1.1. Background & rationale

The prognosis of ovarian cancer (OC) varies by stage. Type I epithelial OCs are considered to be relatively indolent and genetically stable, while Type II epithelial OCs are thought to be biologically aggressive from the beginning, with a tendency to metastasize early [1]. High-grade serous – accounting for approximately 75% of epithelial OCs – develop according to the type II pathway and present p53 and BRCA mutations. These advanced stage has a poor prognosis [2] with most patients unfortunately relapsing after primary management. Initial treatment of advanced OC includes surgery and platinum-based chemotherapy (CT).
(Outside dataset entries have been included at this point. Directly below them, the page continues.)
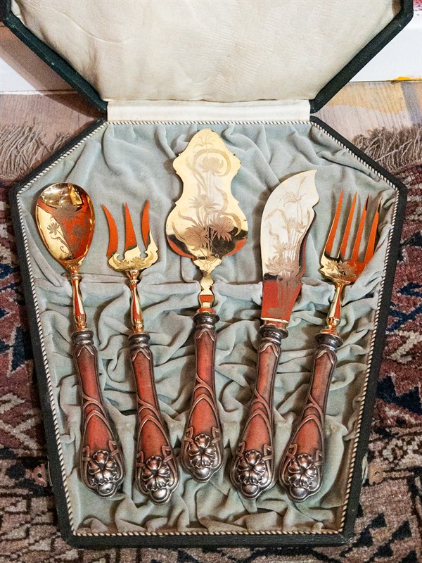 Secesní stříbrné předkládací příbory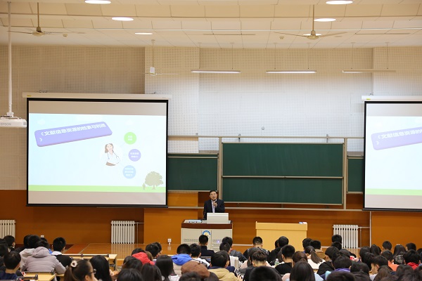 唐兵馆长热情洋溢地介绍了公司路校区图书馆和沙河校区图书馆的馆藏概况以及图书馆的各项服务功能。目前两校区的近百万册图书实现了通借通还,全面覆盖各学科的文献数据库每周7天24小时开放,智慧学习空间为读者提供了舒适、实用且引领时尚的学习研讨环境。唐兵馆长详细介绍了CNKI等中外文数据库的信息及使用方法,并现场登录图书馆官网,对图书馆文献数据库资源的检索进行了演示。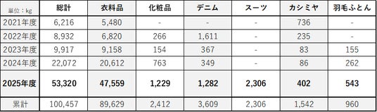 こうした取り組みにより、2025年度の回収量は、前年同期比+142%となる約53,000kgに達し、累計では約100,000kgを回収しています。回収したアイテムは、パートナー企業のリサイクルシステムを活用し、新しく生まれ変わった魅力ある商品としてお客様にご提案しています。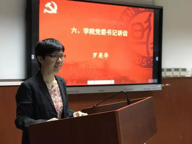 最后,学院党委书记 罗英华 为全体师生党员上党课。她介绍了入党宣誓仪式的背景和意义,并表示,时值建党97周年之际,通过回顾建党历程,重温入党誓词,要求每一位党员要做到不忘初心,牢记党对自己的要求,牢固树立并不断增强党员意识。她从一大会址和南湖红船的意义与地位谈起,结合“红船精神”即建党精神,回顾中国共产党97年的发展历程,重点阐述了共产党的初心和使命是“为中国人民谋幸福,为中华民族谋复兴”。在新时代,党仍面临着诸多考验、风险和挑战,更需要全体党员不忘初心,牢记使命,坚定信念,百折不挠。她传达了焦扬书记给毕业生上的思政课精神,勉励毕业生党员传承和发扬复旦人追求真理、家国天下、开放自由和自强不息的基因,不忘中国共产党人的初心、复旦大学的初心以及青年人的初心,带着自信拥抱新时代,带着理性认识新时代,带着责任建设新时代。她指出“共产党员”和“复旦人”是我们共同的身份,不忘初心、牢记使命,就要在思想上、行动上彰显“党员印记”,号召全体师生党员坚定信仰,努力践行,牢记自己第一身份是党员,把党章立于心中,立足岗位做贡献。学生党员要做“爱国、励志、求真、力行”的模范;教师党员要带头强化“两个所有”的意识,在师德建设中发挥先锋模范作用。她勉励党员特别是毕业生党员传承复旦基因,彰显“复旦印记”,用行动体现复旦精神,用业绩体现复旦气质。以青春之我,奋斗之我,为民族复兴铺路架桥,为祖国建设添砖加瓦。

These treatments can be followed by a maintenance strategy consisting of poly ADP-ribose polymerase inhibitors (PARPi) alone, anti-angiogenic bevacizumab alone or the combination of bevacizumab and PARPi [3]. In case of relapse, OC is managed as a chronic disease with iterative lines of chemotherapy.
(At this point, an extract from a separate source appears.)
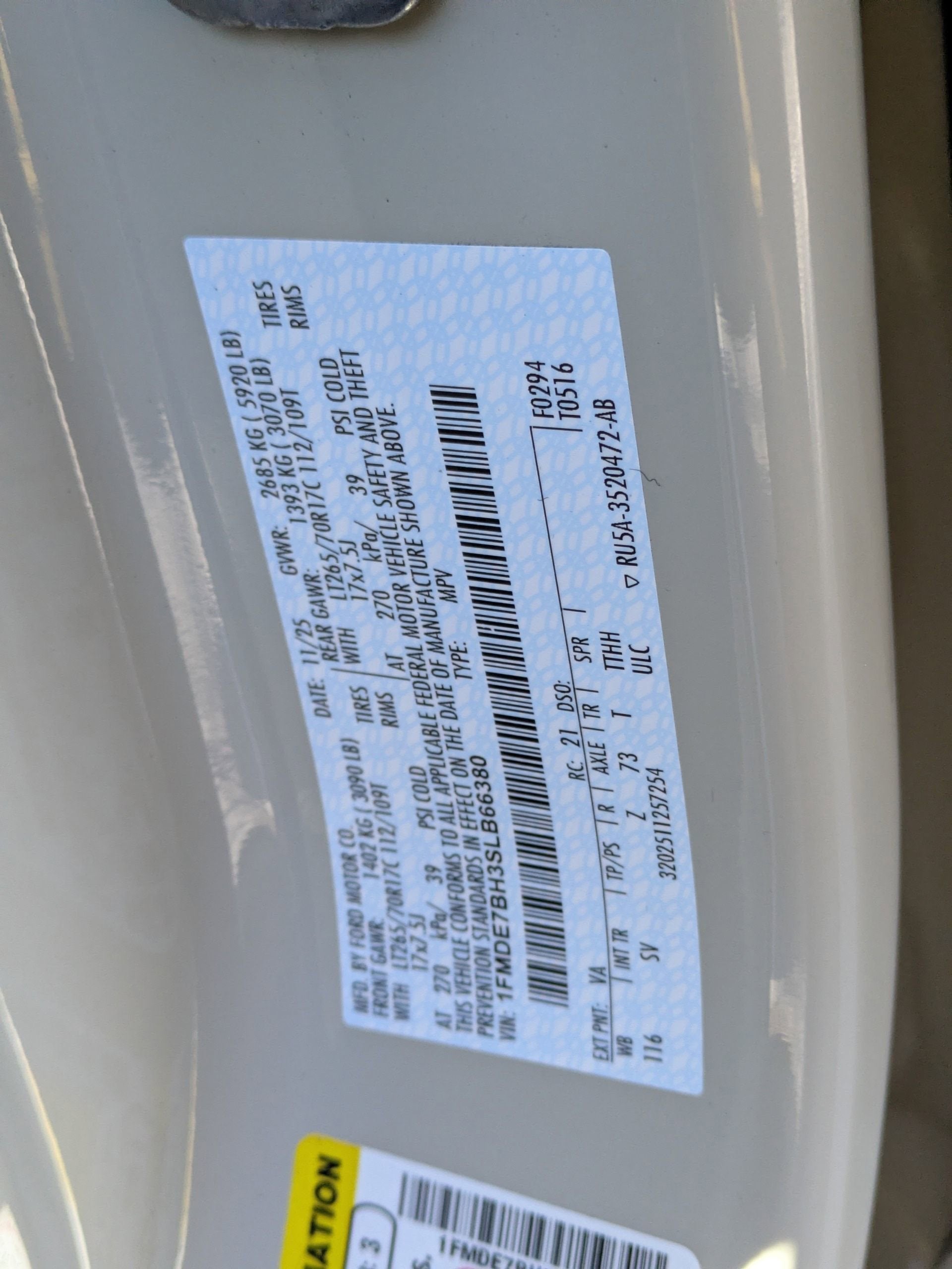 - Gross Vehicle Weight Rating Cap (lbs): 5920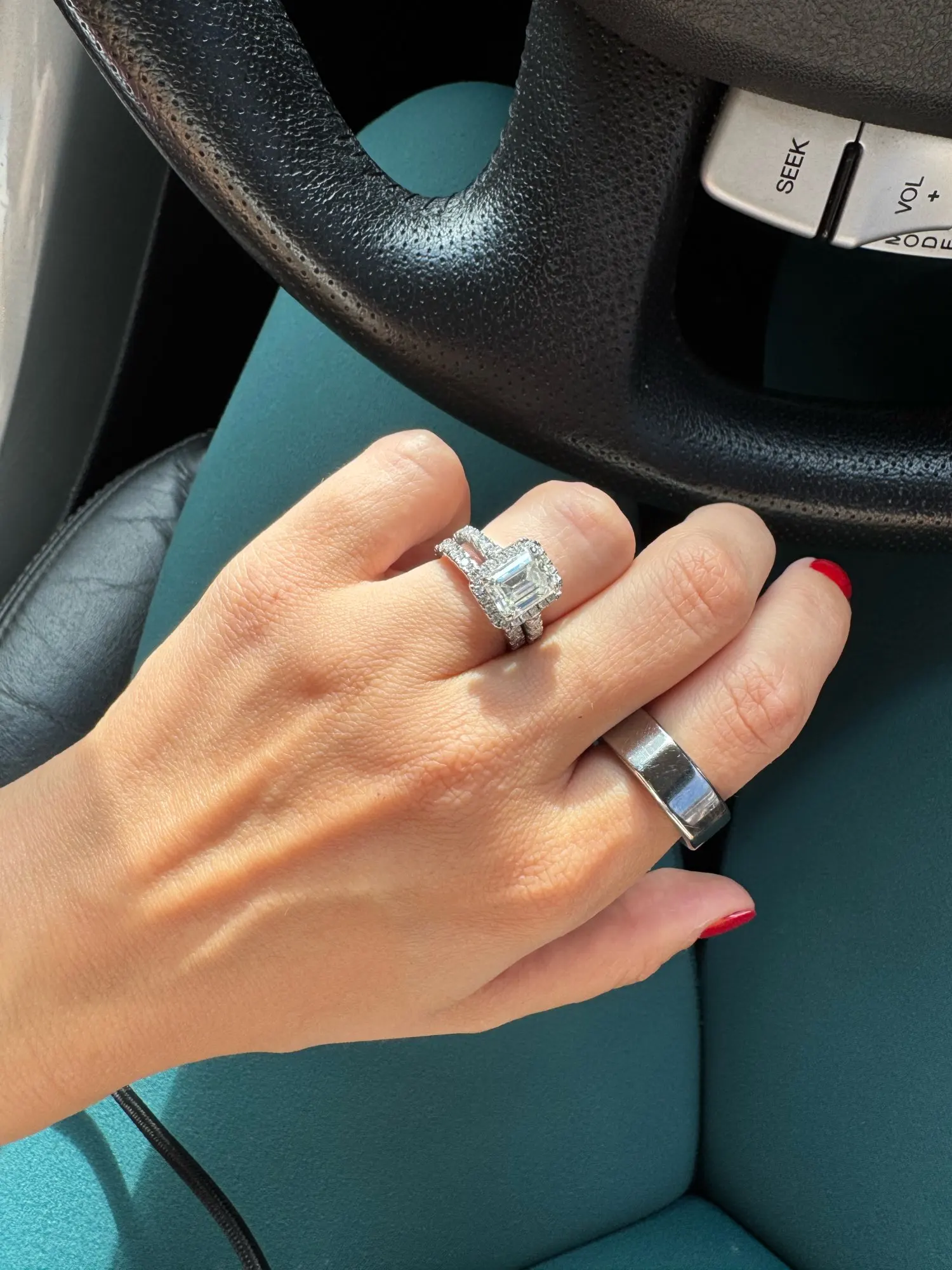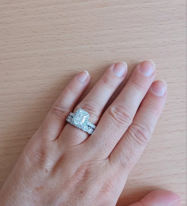 This emerald cut halo bridal set is perfect for those who love vintage glamour with sophisticated, clean lines. The emerald cut's unique step-cut faceting creates a mesmerizing hall-of-mirrors effect that showcases the exceptional clarity of D-color moissanite, while the sparkling halo adds extra dimension and makes the center stone appear even larger. This cut has been beloved since the Art Deco era for its elegant, elongating silhouette and understated glamour. The matching wedding band features vintage-inspired detailing that complements the engagement ring beautifully, creating a cohesive, polished look. Each set comes beautifully packaged with a gift box, certificate, and polish cloth, making this an excellent choice for proposals, engagements, or as a complete bridal solution that combines timeless sophistication with ethical sourcing and exceptional value.

BRCA1/2 germline mutations are the strongest known genetic risk factors for epithelial OCs and are found in 6–15% of women diagnosed with that disease. BRCA1/2 mutated carriers respond better than noncarriers to platinum-based chemotherapies. This yields greater survival, even though the disease is generally diagnosed at a later stage and higher grade [4]. One other major prognostic factor is the platinum-free interval (PFI) defined as the time between the last platinum CT and recurrence, which is important to interpret in combination with other specific clinical and molecular factors [5]. Current options for platinum-sensitive patients include bevacizumab and/or PARPi FDA-approved Olaparib as maintenance after platinum-based chemotherapy regardless of BRCA/HRD status, if they have not been previously administered [6–10]. Thus, women with OC presenting with platinum sensitive relapse after prior bevacizumab and PARP inhibition represent a crucial unmet medical need.
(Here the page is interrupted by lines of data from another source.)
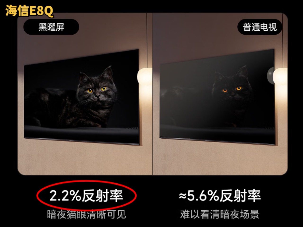 再来看反光控制,Q9L Pro用了0.5%低反射膜和89°排列液晶分子,整机反射率仅1.8%;而E8Q的反射率为2.2%。
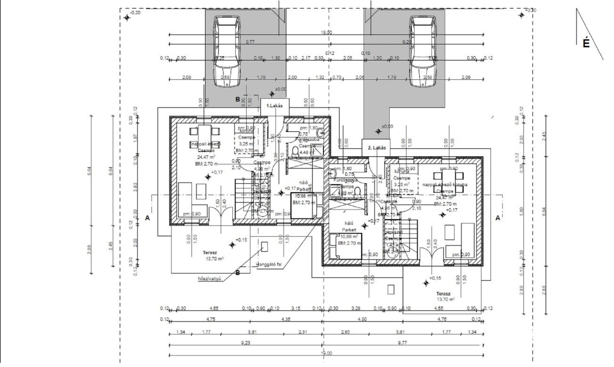 A 925 m²-es telken két különálló ikerházfél épül, melyek jelenleg szerkezetkész állapotban érhetők el 58 millió Ft-os áron ugyanakkor igény esetén kulcsrakész kivitelben 96 millió Ft-ért kerülnek átadásra. Ez kiváló lehetőség azok számára, akik szeretnének még beleszólni leendő otthonuk kialakításába – legyen szó burkolatokról vagy akár a helyiségek elrendezéséről.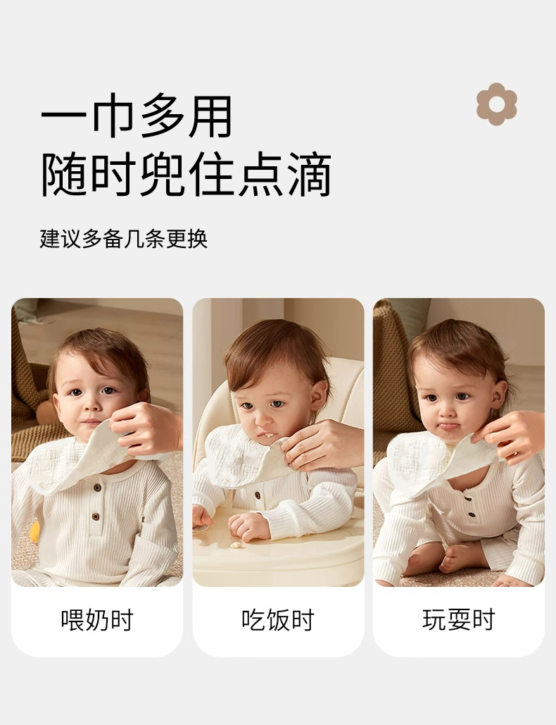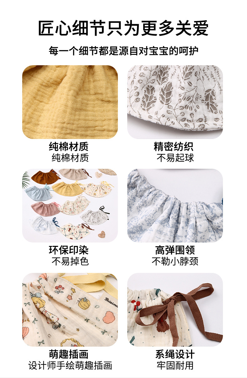 口水巾a类围嘴防水北欧风纯棉男宝ins秋冬花瓣韩版a类双面防水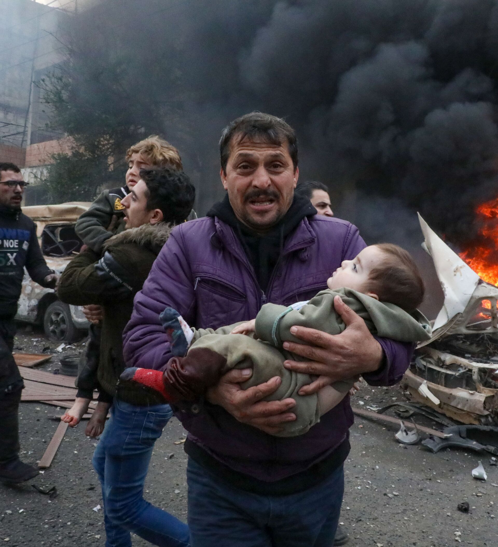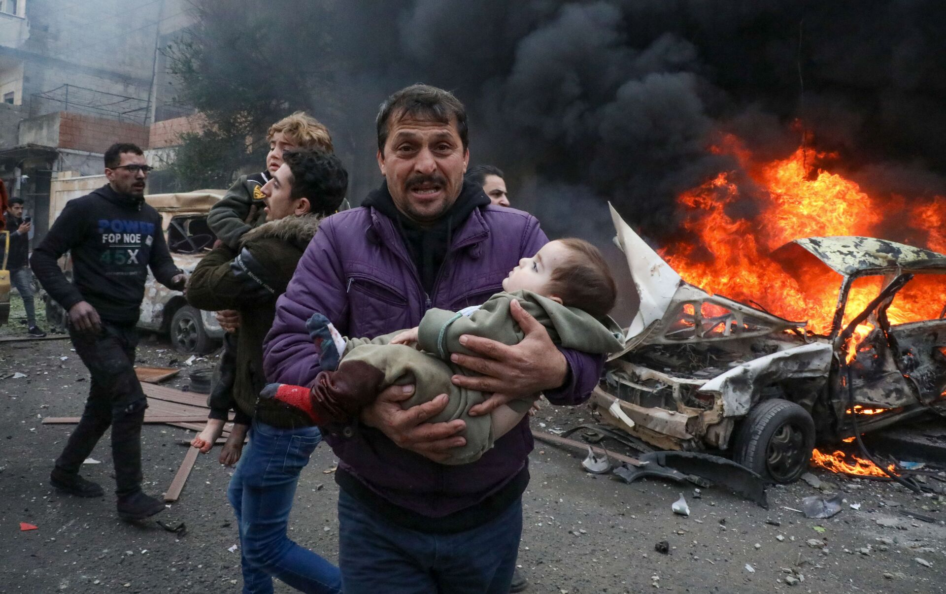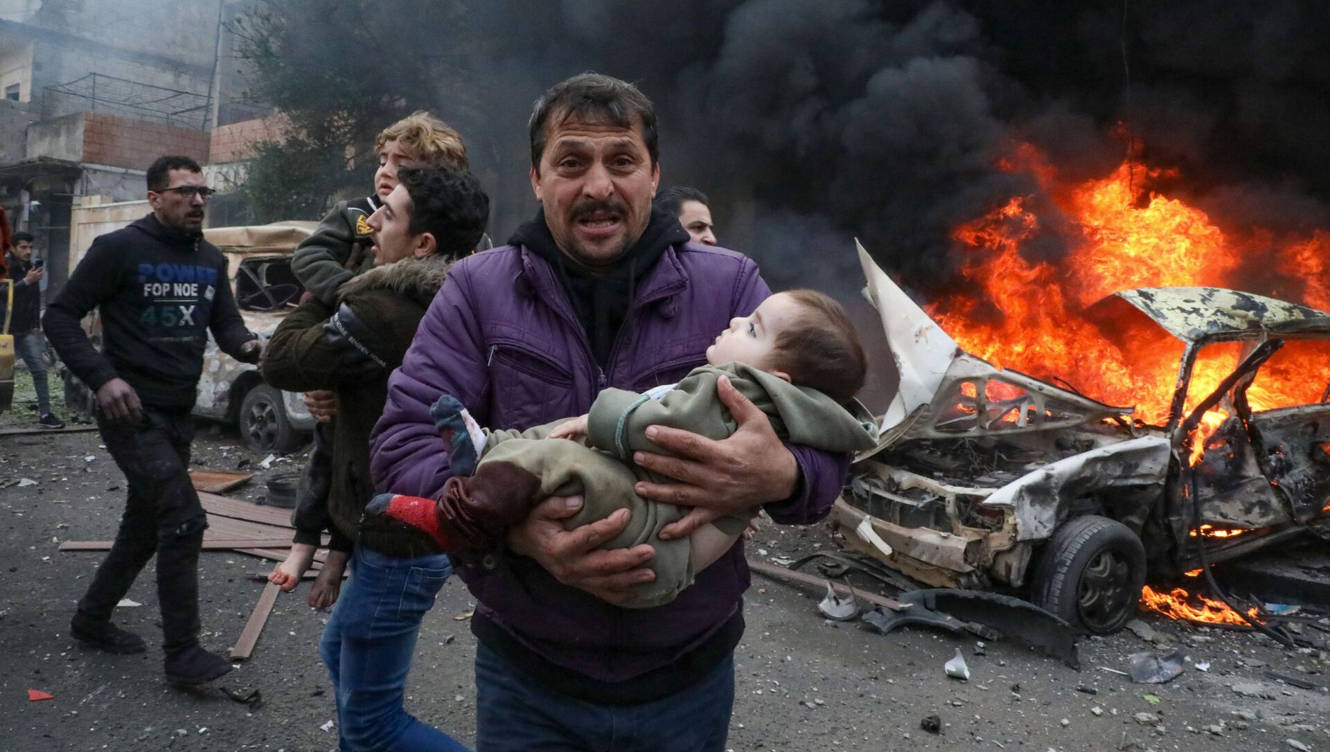 © AFP 2023 / Nayef Al-Aboudتحذير "محتوى حساس" - مدني يحمل ضحية صغيرة في موقع انفجار سيارة مفخخة ببلدة أعزاز بريف حلب الشمالي، سوريا 31 يناير2021

Immune therapies (mainly, checkpoint inhibitors) have opened new opportunities in cancer therapy [11]. Unfortunately, in the case of OC, previous studies targeting checkpoints inhibitors Programmed Death Ligand-1 (PD-L1) or Programmed Death-1 (PD-1) have been disappointing [12–14], partly explained by the low levels of endogenous tumor specific cytotoxic T cells or low mutation load [15]. In particular, ovarian tumors are frequently described as immunogenically ‘cold’, characterized by a highly immune-tolerant microenvironment. Pembrolizumab is a humanized monoclonal antibody therapy that targets the cell surface receptor PD-1, thus inhibiting its interaction with PD-L1 and PD-L2 [16,17]. The PD-1 receptor-ligand interaction is a major pathway hijacked by tumors to suppress immune control [11,18,19]. Pembrolizumab is currently under investigation in several studies of patients with platinum-sensitive recurrent OC (see Supplementary Table S1). Previous Phase II KEYNOTE-100 study in recurrent OC [14] included 285 women with one to three prior lines of treatment and a PFI between 3 and 12 months and 86 women with four to six prior lines and a PFI ≥3 months. Pembrolizumab was administered as a single-agent, and showed modest activity with 7.4 and 9.9% objective response rates respectively.

A recent therapeutic cancer vaccine OSE2101 is under clinical investigation in several localizations. OSE2101 is designed to activate cytotoxic T-lymphocytes (CTL) against five tumor-associated antigens highly expressed in non-small-cell lung cancer but also OC: carcinoembryonic antigen; p53; HER-2/neu and melanoma antigens 2 and 3 (Figure 1) [20,21]. OSE2101 is composed of 10 synthetic peptides of which 9 derive from these tumor-associated antigens, that have been modified to increase HLA and/or T cell receptor binding affinity and one pan-DR epitope. The pan-DR epitope is a rationally designed helper T-lymphocyte epitope included to augment the magnitude and duration of CTL responses.

Figure 1.

Figure 1.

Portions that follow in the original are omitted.